То, что Рейн счёл возможным опубликовать, — экспрессивные конструкции, продиктованные более ритмом, а ещё более песенной мелодией (не зря так часто упоминаются пластинки, судя по репертуару — патефонные). “Японское море” (1959), например, по звуку вписывается в условный советский фильм 50-х. С верными друзьями в кепках, уплывающими в титры на красивом пароходе. Шедевр, кстати. Исполнить бы голосом Марка Бернеса.

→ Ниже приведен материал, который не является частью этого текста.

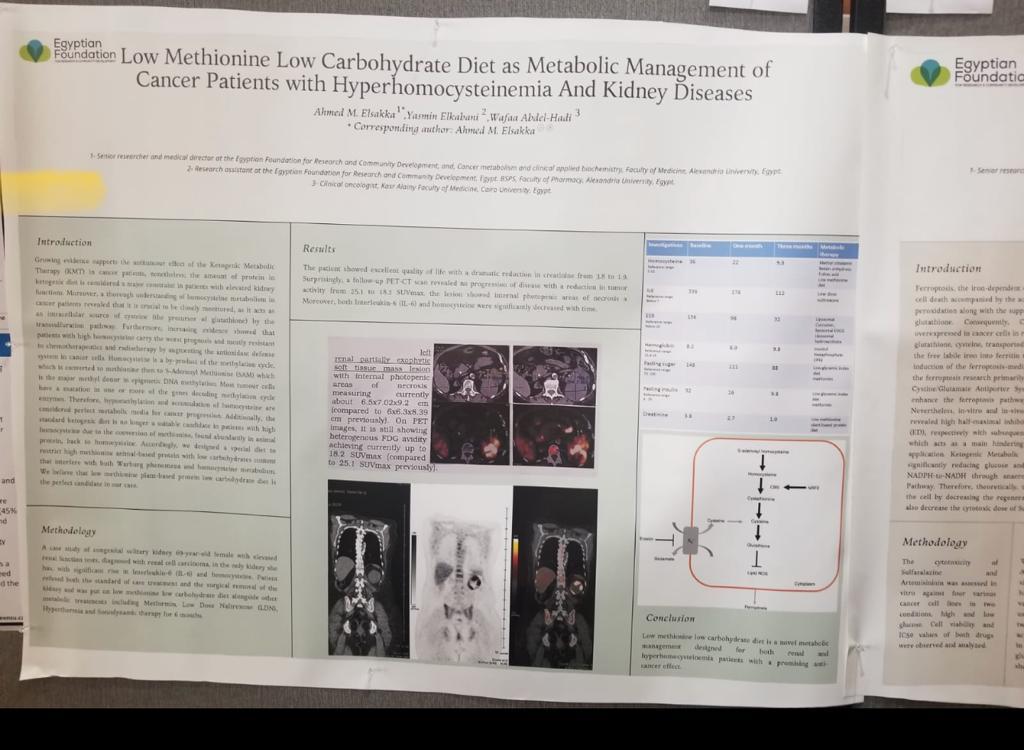 بينما الثالث كان عن مشروع cell culture الخاصة بالمؤسسة وهو يدرس تأثير تقليل السكريات والنشويات على خفض جرعات العلاجات اللازمة للأورام.
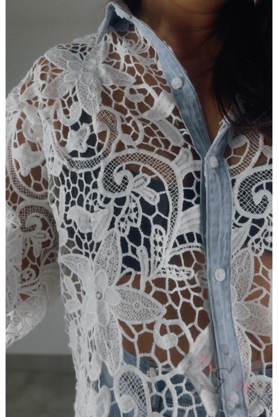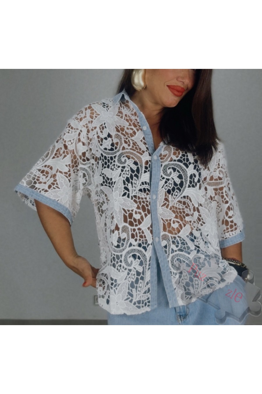 Camisa perforada en tono blanco con tejano , disponible en dos tallas
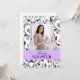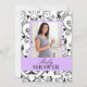 Super chic and trendy mum-to-be photo baby shower invitations make it easy to throw a fabulous baby shower. Design features a modern black and white damask background with purple accents and custom photo template on quality 5 x 7 in. cardstock. Don't struggle writing out dozens of department store shower invitations, use the custom personalised invites and make a great impression. Create wonderful scrapbook memento's and keepsakes. Each baby shower invitation comes with an envelope. © 2012 All Rights Reserved
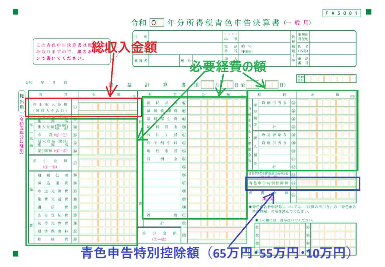なお、青色申告の場合、所得額の計算は次のようになります。
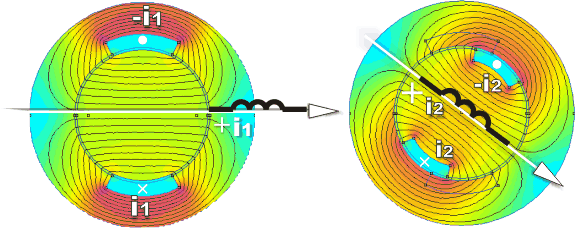 Nella figura seguente sono rappresentati i due avvolgimenti che agiscono contemporaneamente dando luogo al campo magnetico risultante di cui sono rappresentate le linee, e, a tratteggio l’asse.
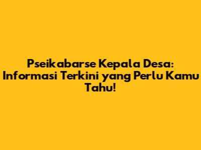 Info Terbaru: Update Pseikabarse Kepala Desa yang Wajib Kamu Tahu!
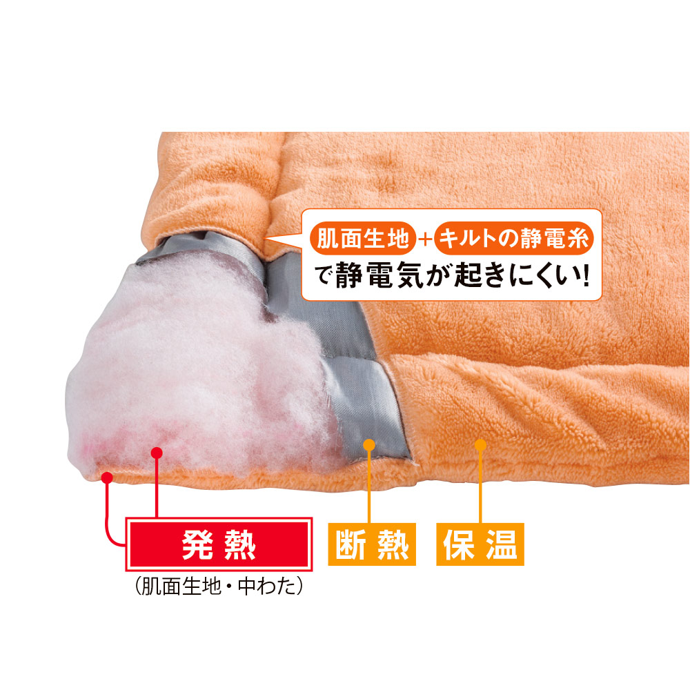 肌面の側生地は発熱素材を使用し、さらに暖かく!毛足の密集したふんわりなめらかなマイクロファイバーが暖気をしっかりキープ。また公定水分率の高いレーヨン混になり、さらに静電気が起きにくく、快適に。
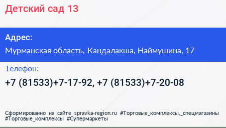 Детский сад №13 по адресу Мурманская область, Кандалакша, Наймушина, 17 в дальнейшем Организация, размещена в следующих категориях:

Стихи семидесятых-восьмидесятых, которые, собственно, и вывели Рейна за пределы “ленинградской школы” и ахматовского окружения, чужды экспрессии, в меру философичны и трогательны. При всём этом их можно читать как подробные архитектурно-гастрономические справочники, рыцарские похождения на литераторских курортах, “Петербургские зимы” спустя полвека (Рейн, может быть, самый профессиональный адвокат на безнадёжно устаревшем суде над их автором).
В общем, “слишком человеческое”: ретроспектива как политика, эмоциональный толчок — следствие утрат, ностальгия — топливо, двигатель, средство передвижения, маршрут, цель. “Отошедший мир”, одним словом, и “После нашей эры”.

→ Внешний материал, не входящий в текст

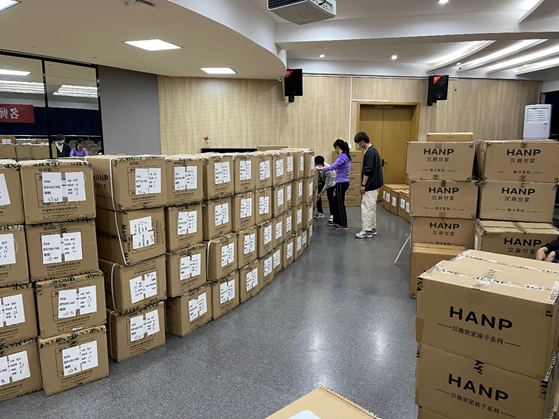 在物资到达的当晚,学院党委副书记姜萍和院办老师孙玮悦带领正在学院自习室学习的研究生们接收物资并完成清点。4月21日下午,孙老师按照实际在校人员进行名单整理,研究生万磊、王高磊等学生志愿者根据名单按照班级分装物资。分装完毕以后,随即立刻通知班级代表前来领取,保证在当天晚上将所有物资发放到每个同学的手上。鉴于疫情防控需要,目前专任教师们暂时还不能返校,学院院办将老师们的物资清点完毕并已经妥善保管,等待老师们可以返校之后再来领取。

И, наконец, стихи девяностых годов. Всё чаще афишируется Кузмин. Кузмин “Богородицы” и “Переселенцев”, стихов трагичных без пошлости и перебора. И если поэма Рейна “Зеро” — это всего лишь механика “Форели”, то цикл памяти И. Б. несомненно эстетически близок позднему Кузмину. Как, впрочем, и “Августу”, последнему стихотворению Бродского.
Наверное, поэма “Через окуляр” в творчестве Евгения Рейна займёт то же место, которое занимает “Элегия” в наследии Введенского, в которой каждая строфа — аллюзия и чуть ли не автоцитата, но поданная по-новому, более прозрачно, что ли.

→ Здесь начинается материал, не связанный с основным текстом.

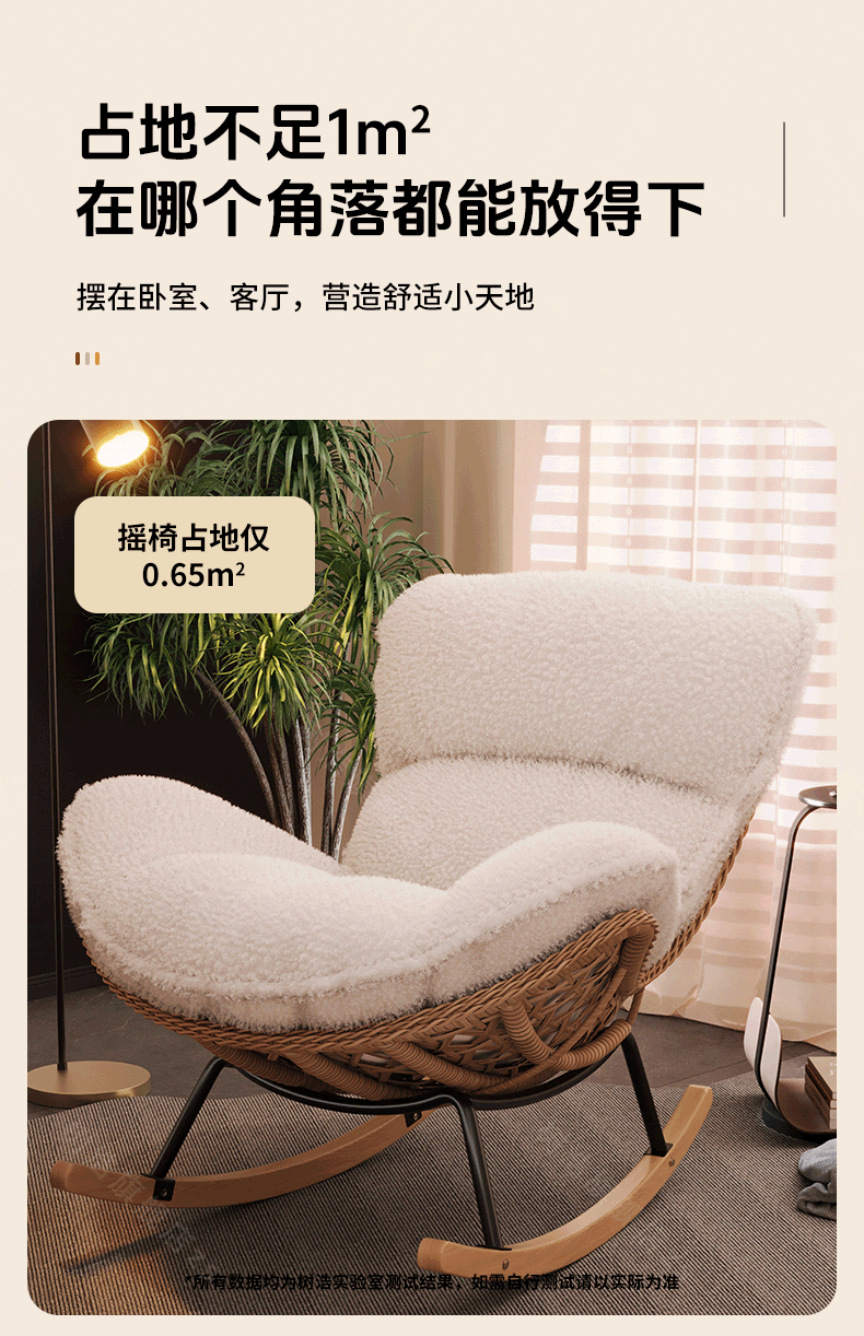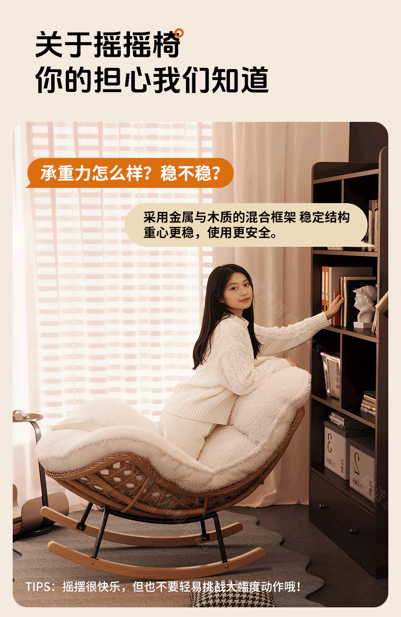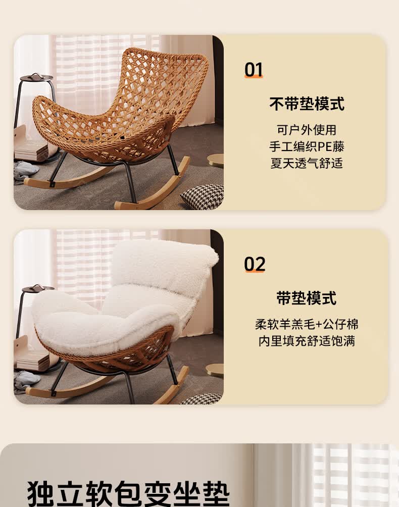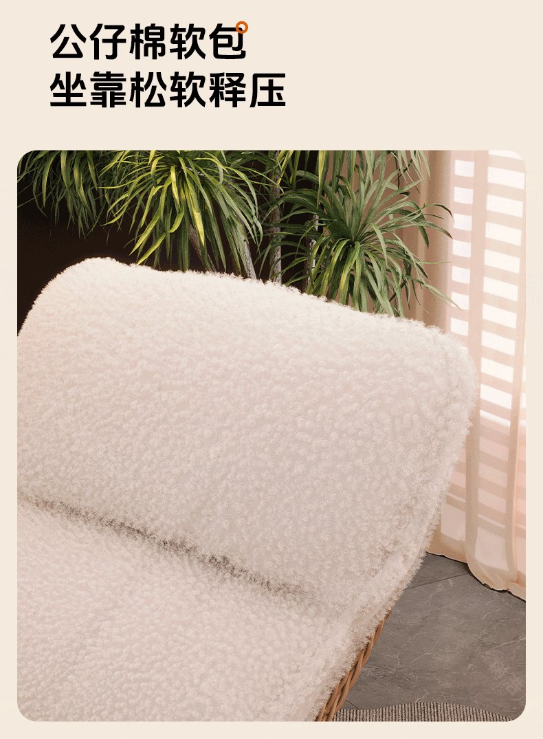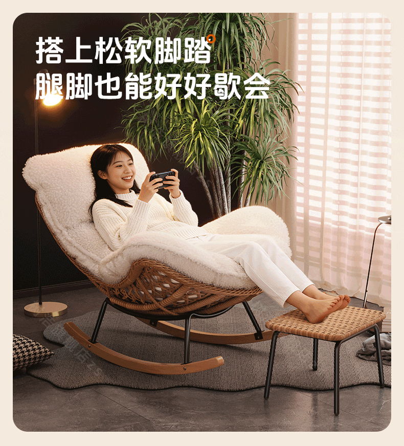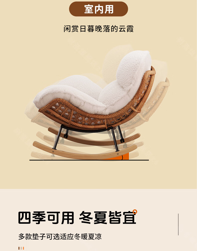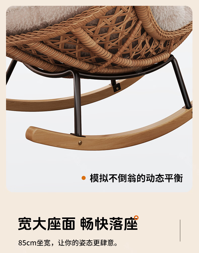 树浩摇摇椅躺椅阳台家用休闲藤编沙发椅懒人沙发户外庭院成人午休摇椅 【柔软羊羔绒】单藤椅-绒白色坐垫

“Через окуляр” — словосочетание, прямо возводящее ретроспективу, воспоминание, т.е. основной способ фиксирования бытия Рейном, в художественный принцип. (На “низком” уровне название сборника поэм Рейна “Предсказание” — иронично.)
Раньше автор называл свои поэмы или, как однажды выразился А. Пурин, “лучшую прозу нашего времени” с многозначительным минимализмом: “Возвращение”, “Узел”, “Дельта”, “Кабинет”, точно фиксируя дату, по ходу текста разрастающуюся до целой эпохи (“Хроника 1966 года”, “Второе мая”), географически точно, что по прочтении становится совершенно не важным (“Арарат”, “Муравьёво”), и, наконец, “Минчковская Ася Казимировна”. Под стать экзотическому имени головокружительная биография героини. Собственно, все приведённые названия поэм — литературные произведения сами по себе.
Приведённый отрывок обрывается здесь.